Oh WELL… (part 2)
THE TRUCKS ARRIVE
the large box in the middle is water storage
The first truck to arrive from Greene Bros. Well & Pump Inc. was the water and pipe truck. I met it at the entrance off the main road to be sure they could find us and to take photos of them arriving. Little did I know, the truck travels a lot faster than I can run. I couldn’t keep up with it as it drove up the .2 mile drive way to our property. I had to stop several times and catch my breath and was wishing I had some water – how ironic!
When the drill truck arrived I met it at the gate on our property instead of at the road – I learned my lesson.
Huge truck! It reminded me of what Kathy said about watching her house being delivered to their property; like watching it moving through the birth canal.
Jerry helps Robin line up the truck where we specify we want to drill. We have to decide that because they don’t want the responsibility – don’t blame them a bit for that!
Jerry cuts away branches so the drill doesn’t snap them off.
The truck gets balanced. Robin does this from the back. See how high the front wheels are off the ground. Cool!
They raise the drill assembly.
The first bit goes on and begins to drill. We don’t make it 2’ before Jerry is digging out rocks that are easy to move. There is a lot of dust on the first day as they drill through rock. Robin told me at the end of the second full day of drilling that we were going through rock almost the whole time with just a few pockets. Not sure what was in the pockets, evidently not oil. No “loading up the truck and moving to
They switch out bits and continue to drill.
We make it 28’ on the first day and they guys stop there.
The inspector is due the next morning to make sure the hole is correct and that they grout it properly. They insert a tube that becomes the casing which is the head of the well. This is where they put the submerged pump. The casing prevents contamination and things running back into the well. It is also a support for the top of the well. All that I just typed was according to what Jim found out by reading about wells and talking to Robin and Jerry. I’m pretty clueless at this point. All I know is that we are drilling for water and hoping we find some.
Things get interesting on day 2. We reach 265’ and water – yea! Robin checks the flow rate with what I’m expecting to be a very sophisticated piece of equipment – he uses a gallon bucket and stop watch! He makes sure all the water coming from the hole is channeled through a pvc pipe, then he positions the bucket. He fills the bucket several times so he can check the rate. We are only getting 2 gallons a minute. Jim reminds me that we ARE GETTING WATER and to be thankful. I was really hoping for Artesian (which I mistakenly keep calling Argentine) but with a reality check I change my focus.
Robin's system to check flow rate.
After much discussion with the Al, Robin, and after considering all that Jim has read about wells, it is decided to keep going.
The next morning Robin and Jerry arrive and cranked up the drill. It is a noisy machine. Jerry gave Jim and me ear plugs to use the day before because I’m sure he could tell we were the type to hang around through out the whole process, taking photos and asking questions. I think he is psychic! I was constantly taking photos, sometimes asking questions or talking Jim into asking, and Jim was working on the fire pit area – which by the way is turning into a beautiful spot and will be covered in another blog.
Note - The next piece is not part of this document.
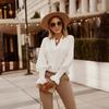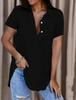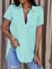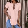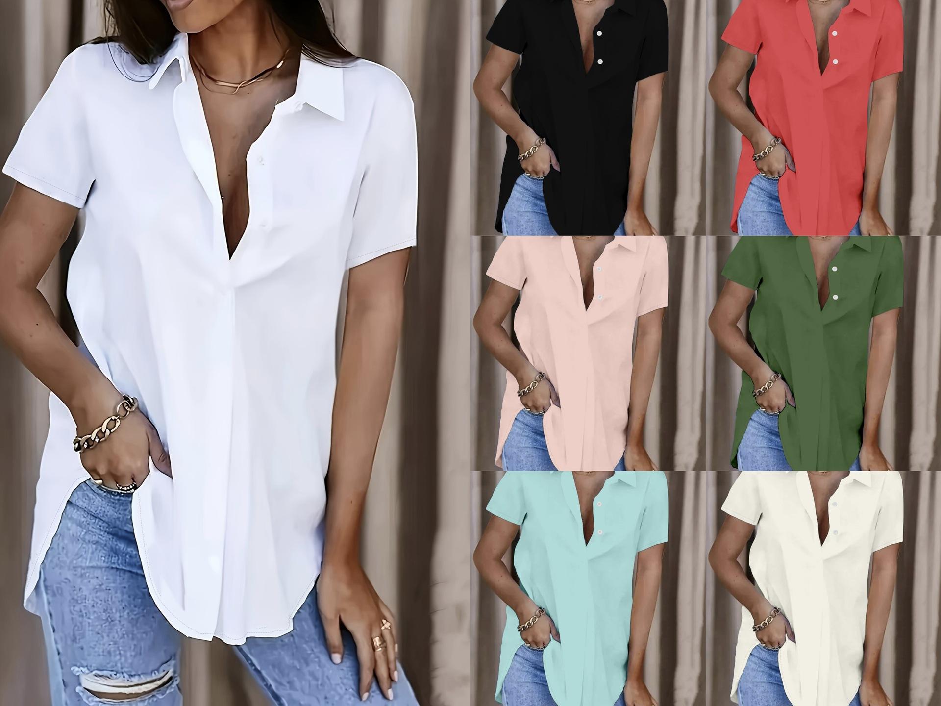 2024 AliExpress wish Amazon Explosiones Verano Simple Color Sólido Cuello en V Botón Camisa de Mujer Camisa Mujer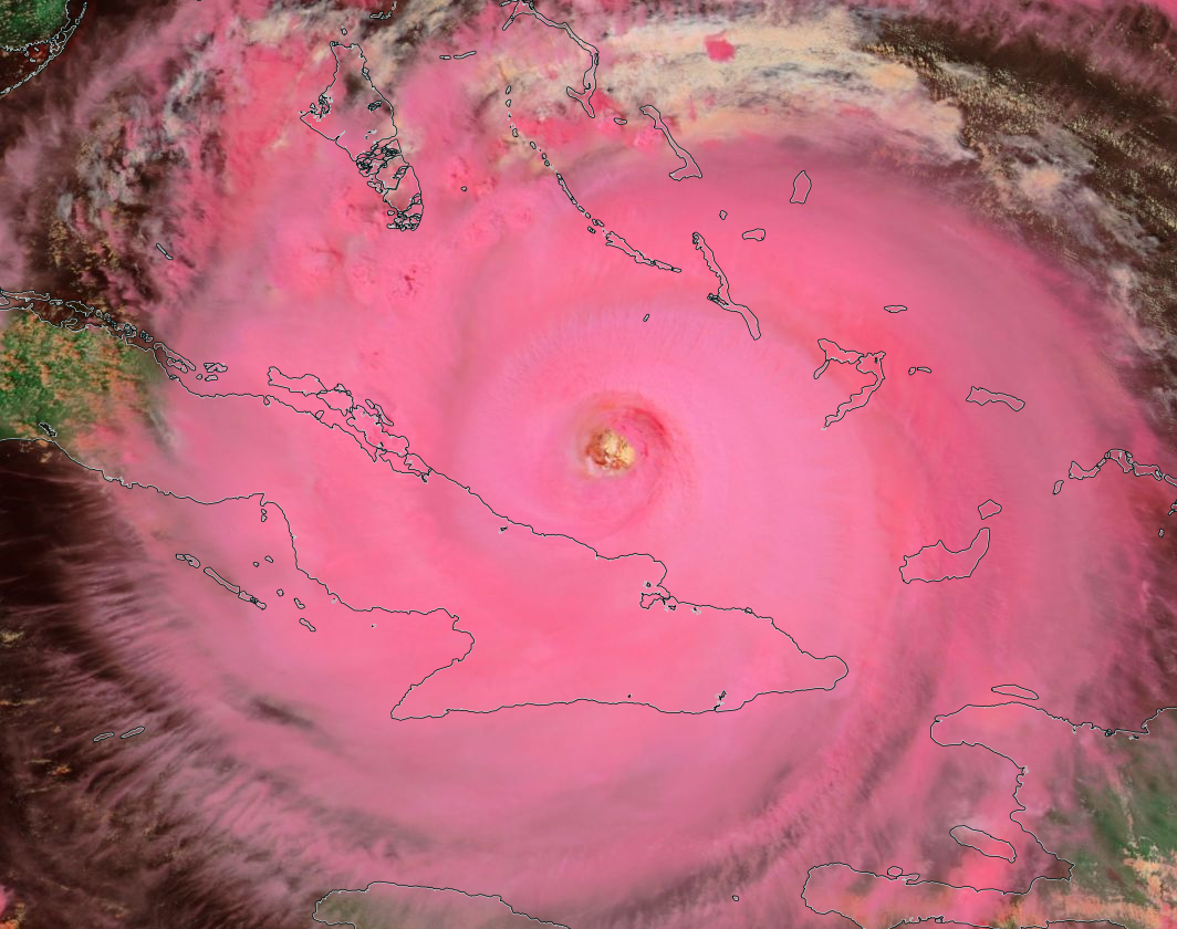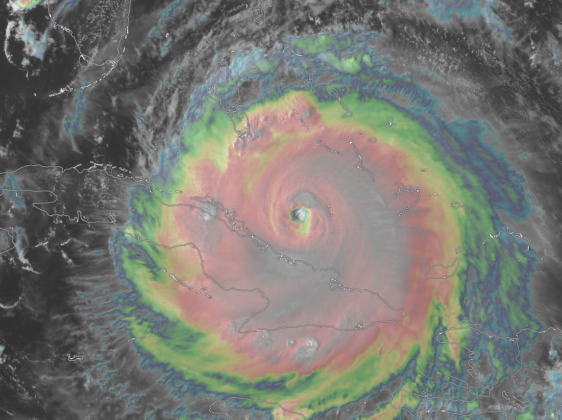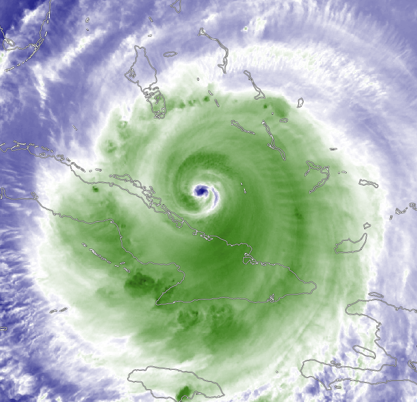 Para precipitación la misión por excelencia es GPM (global precipitation measurements). Diversos son los productos disponibles, pero el más usado es IMERG, un dato de tasa de precipitación capturada por la constelación de satélites que componen GPM. En este sitio se puede obtener una figura actualizada cada media hora. Pero se pueden descargar los datos y graficarlos en algún software como McIDAS-V. Para el caso de la figura, se ve que Irma tuvo tasas de precipitación cercanas a los 50 mm/h.

So this is what I found out with all my questions. Each 20’ long pipe takes about 25 minutes to grind its way into the earth. The water truck is on the site to add water to cool the drill and helps remove the ground stone. Our job used all the water they brought but they didn’t have to go refill – we were very grateful for that. Air foam is also added to help the rock and earth make its way to the surface. I have to admit I don’t know about the environmental impact of this stuff. That would take some additional research.
As they drill, the hole is constantly spewing up ground rock (looks like sand) and it begins to pile up and form rivers. Jerry and Robin mentioned several things that people use it for, plant beds was one, and also said that before the job is finished it will be hosed away (if we don’t shovel it up first).
As we drill deeper, the space below where we originally hit water becomes storage space, sort of like an underground storage tank. We ultimately stopped at 505’ and gained an extra gallon a minute, bringing us to a solid 3 (according to Robin’s testing device). This also means that we have about 600 gallons of storage space. That’s cool! Jim found out that 3 gallons a minute is about average, wells can provide more or less. If a household had to run off of a gallon or less then they usually use an above ground storage tank as a back up; otherwise it would take the well too long to recover when water is used. Or they just drill deeper for storage. Tony, who did the insect treatment recently, told me he drilled 1500’ and only got 1 gallon a minute. Our builder said there was no way to predict what we would get because there is just no way to know, everyone gets something different. We are sticking with Jim’s suggestion – just be grateful we have water and that we didn’t have to drill twice. So thank you David, you were right, there was water down there. And thanks Grandpa and Dad for hanging out during the process and helping us find water. And thank you to everyone who kept us in their prayers and thoughts and for all your positive energy toward finding water. And especially to Theresa for her vision: “I have this image of a place on your property which is fed by an underground stream of sweet water that will serve you as long as you need.”
After the drill leaves we will begin the process of installing the well and getting the pipes from the well to the house and the motor home pad. Hopefully we will find our way around the rocks!